> [Exercise directions]: Without the pictures, set down every record below exactly as it reads.
▼
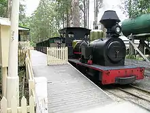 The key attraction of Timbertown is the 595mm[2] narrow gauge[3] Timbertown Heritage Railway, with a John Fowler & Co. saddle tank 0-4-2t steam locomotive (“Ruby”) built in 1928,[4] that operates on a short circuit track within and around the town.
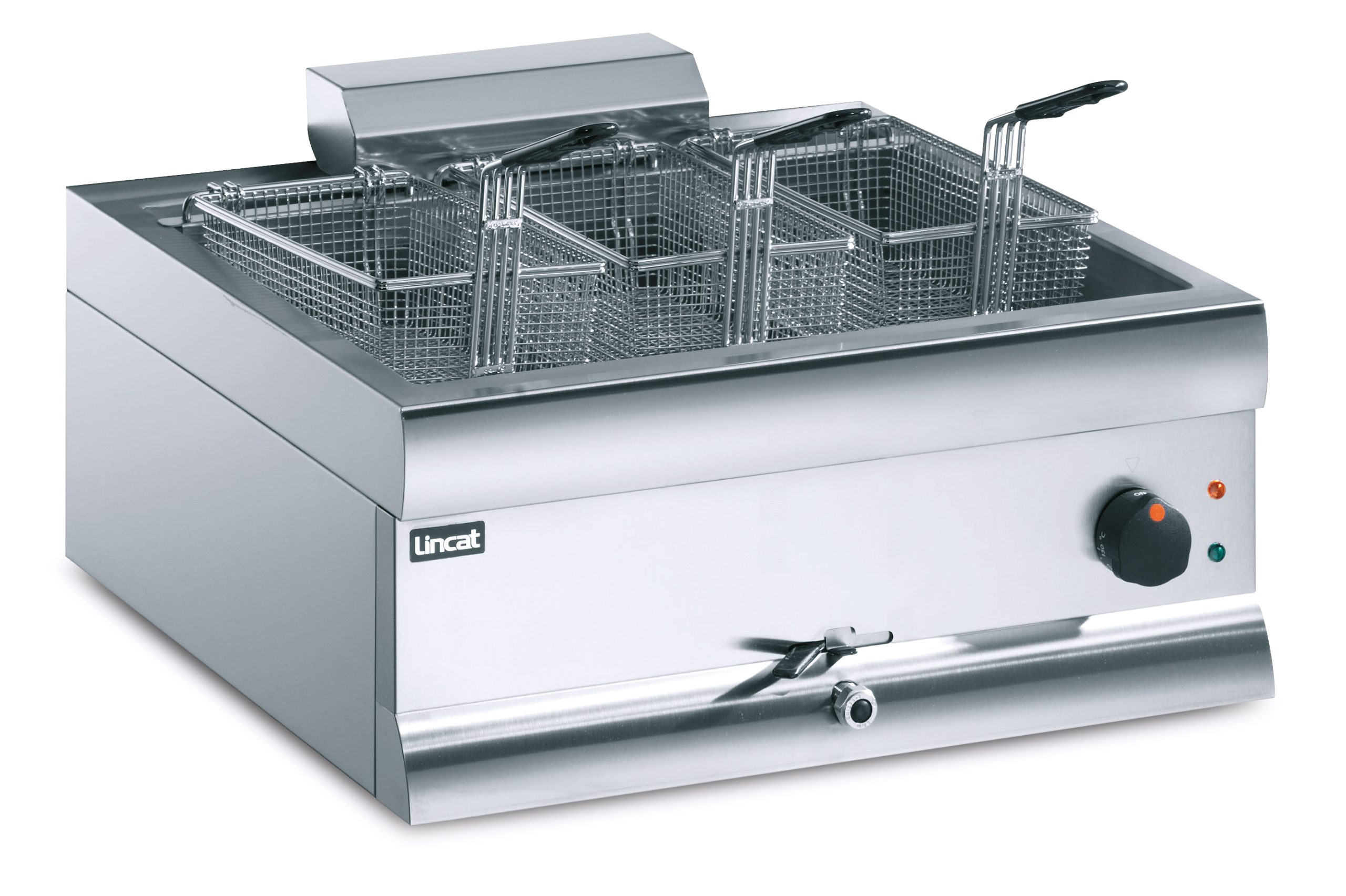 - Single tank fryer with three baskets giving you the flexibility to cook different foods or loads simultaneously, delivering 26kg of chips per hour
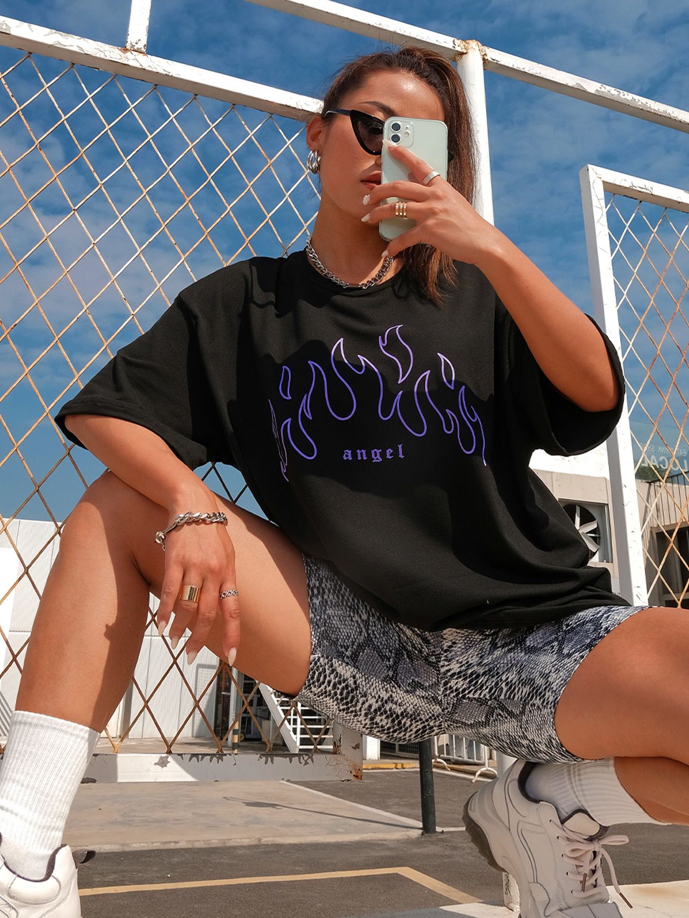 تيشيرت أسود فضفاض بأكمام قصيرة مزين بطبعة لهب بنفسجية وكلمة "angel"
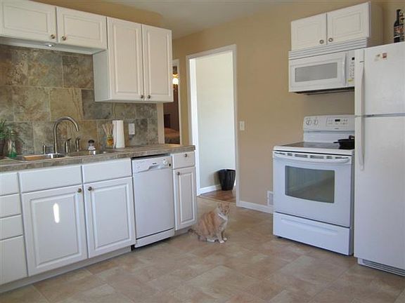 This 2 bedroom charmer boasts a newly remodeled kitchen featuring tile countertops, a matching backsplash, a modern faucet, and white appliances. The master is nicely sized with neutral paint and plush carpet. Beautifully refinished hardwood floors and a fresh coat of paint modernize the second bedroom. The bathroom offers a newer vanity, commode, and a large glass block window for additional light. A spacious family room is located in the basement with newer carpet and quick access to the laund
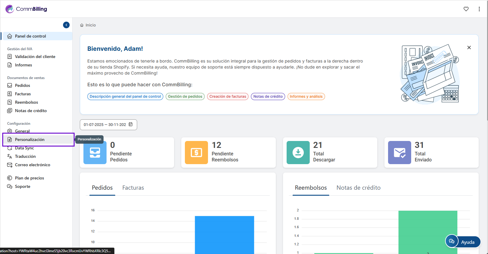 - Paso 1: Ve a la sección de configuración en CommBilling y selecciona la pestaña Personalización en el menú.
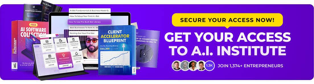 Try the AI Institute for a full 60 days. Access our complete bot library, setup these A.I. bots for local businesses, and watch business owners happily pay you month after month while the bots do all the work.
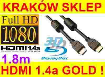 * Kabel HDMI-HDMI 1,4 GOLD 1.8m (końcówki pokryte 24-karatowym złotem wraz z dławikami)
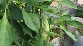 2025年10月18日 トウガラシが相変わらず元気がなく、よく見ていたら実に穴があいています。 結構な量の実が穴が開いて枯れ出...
▲
> [Response]:
 The key attraction of Timbertown is the 595mm[2] narrow gauge[3] Timbertown Heritage Railway, with a John Fowler & Co. saddle tank 0-4-2t steam locomotive (“Ruby”) built in 1928,[4] that operates on a short circuit track within and around the town.
 - Single tank fryer with three baskets giving you the flexibility to cook different foods or loads simultaneously, delivering 26kg of chips per hour
 تيشيرت أسود فضفاض بأكمام قصيرة مزين بطبعة لهب بنفسجية وكلمة "angel"
 This 2 bedroom charmer boasts a newly remodeled kitchen featuring tile countertops, a matching backsplash, a modern faucet, and white appliances. The master is nicely sized with neutral paint and plush carpet. Beautifully refinished hardwood floors and a fresh coat of paint modernize the second bedroom. The bathroom offers a newer vanity, commode, and a large glass block window for additional light. A spacious family room is located in the basement with newer carpet and quick access to the laund
 - Paso 1: Ve a la sección de configuración en CommBilling y selecciona la pestaña Personalización en el menú.
 Try the AI Institute for a full 60 days. Access our complete bot library, setup these A.I. bots for local businesses, and watch business owners happily pay you month after month while the bots do all the work.
 * Kabel HDMI-HDMI 1,4 GOLD 1.8m (końcówki pokryte 24-karatowym złotem wraz z dławikami)
 2025年10月18日 トウガラシが相変わらず元気がなく、よく見ていたら実に穴があいています。 結構な量の実が穴が開いて枯れ出...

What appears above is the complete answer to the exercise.